Very few people understand the methodology behind a restaurant becoming Michelin-starred.
And that includes one very angry chef. La Maison des Bois in France’s Haute-Savoie region lost its third Michelin star earlier this year, and now Chef Marc Veyrat is fighting back with a lawsuit.
His contention? An inspector for Michelin confused a locally-sourced, saffron-flavored emulsion with cheddar cheese because it was yellow.
“I was dishonored. My team, I saw them cry,” he told FranceInfo, after receiving news of the star reduction. He also told Le Point that while his restaurant business is actually up 10 percent, “I feel like my parents have died a second time … I am the only chef in history to get a third star and then to lose it the next year.”

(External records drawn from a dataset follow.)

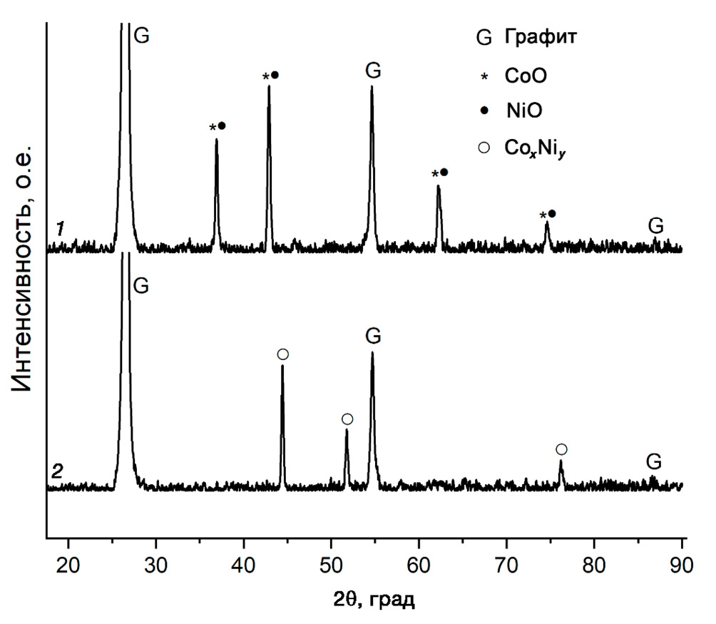 Металлсодержащая фаза образца ПГ-CoNi-воздух представлена смесью оксидов CoO и NiO (рис. 4, дифрактограмма 1) и не обладает ферро- или ферримагнитными свойствами, поэтому этот образец (единственный из всех) не чувствителен к воздействию сильного постоянного магнита. При термообработке той же смеси в атмосфере азота образуется ПГ-CoNi-N2, содержащий сплав кобальта и никеля с ГЦК-решеткой (а = 3.534 ± 0.001 Å) (рис. 4, дифрактограмма 2).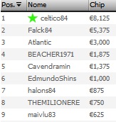 Primo in fiches è “sbatik”, che passa al Day2 con uno stack di 283.458, ben distaccato da “BarbyBallerinaa” che ne ha imbustate per oggi 250.697. Con Max Pescatori e altri membri del Team Poker Club presenti all’IPT di Saint Vincent sono stati pochi i pro a farsi vedere in questa edizione dell'”Eldorado”. Uno di lor è Dario “Trazaman” Amato, sedicesimo con 158.941 fiches. Ecco il chipcount dei primi dieci: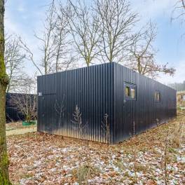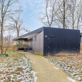 De lodge heeft een tuin met een deels overdekt terras met tuinmeubilair. Er kan worden geparkeerd op de centrale parkeerplaats.
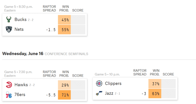 FiveThirtyEight还更新了三场天王山之战的获胜概率。天王山之战中,更被看好的是主场作战的篮网、费城和爵士,他们在G5的获胜概率依次是55%、71%和63%。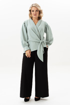 Комплект брючный состоит из кофты и брюк. Кофта свободного кроя с рукавом реглан. По низу рукава и низу изделия отделочный манжет-довяз, горловина круглая с отделочной бейкой (довяз). В качестве отделки используется вышивка. Брюки прямые, верхний срез обработан поясом с резинкой. В боковых швах обработаны карманы. На передних половинках застрочены складки.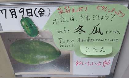 今日は、さけのつけ焼き、みそ汁、とうがんの煮もの、ご飯、牛乳でした。冬瓜は夏に採れて冬まで保存ができることから、この漢字がつけられました。夏のビタミンたっぷりの水分補給に良い食材です。初めて食べたという1年生もいましたよ。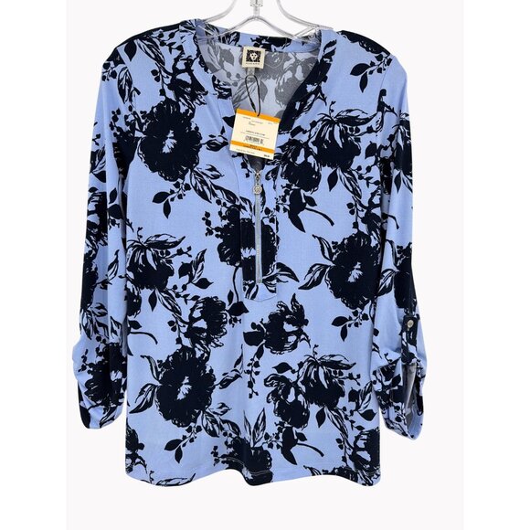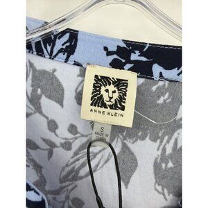 Anne Klein Size S Floral Split Neck Blouse Navy Light Blue Button Tab Sleeve New
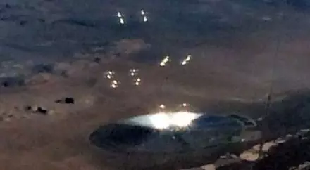 Один из пассажиров рейса авиакомпании American Airlines, следовавшего из Сан-Хосе (Калифорния) в Хьюстон (Техас), запечатлел загадочные огни и некий гигантский диск на земле в районе сверхсекретной "Зоны 51", которая расположена на юге штата Невада, пишет британская газета "Daily Express".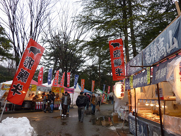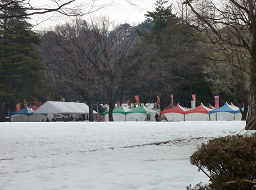 雪原に各地の名産の食べ物を売る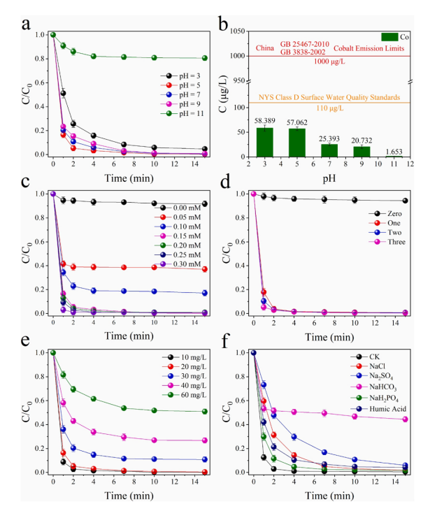 圖5. (a) pH、(c) PMS濃度、(d) SFCMG用量(尺寸:1×1×1 cm)、(e) RhB初始濃度、(f)多種干擾離子對RhB去除率的影響;(b)不同pH下Co的浸出。

“We understand the disappointment of Mr. Veyrat whose talent no one contests,” Michelin said in a statement, adding, “We will study his demands with attention and calmly respond.”
The modern version of the Michelin Guide was launched in 1920 and originally conceived by the Michelin tire company “to encourage more motorists to take to the road.” The guide uses “restaurant inspectors” (a.k.a. mystery diners) to anonymously review restaurants. A three-star ranking system was started in 1936. According to the company, the guide now rates over 30,000 establishments in over 30 territories.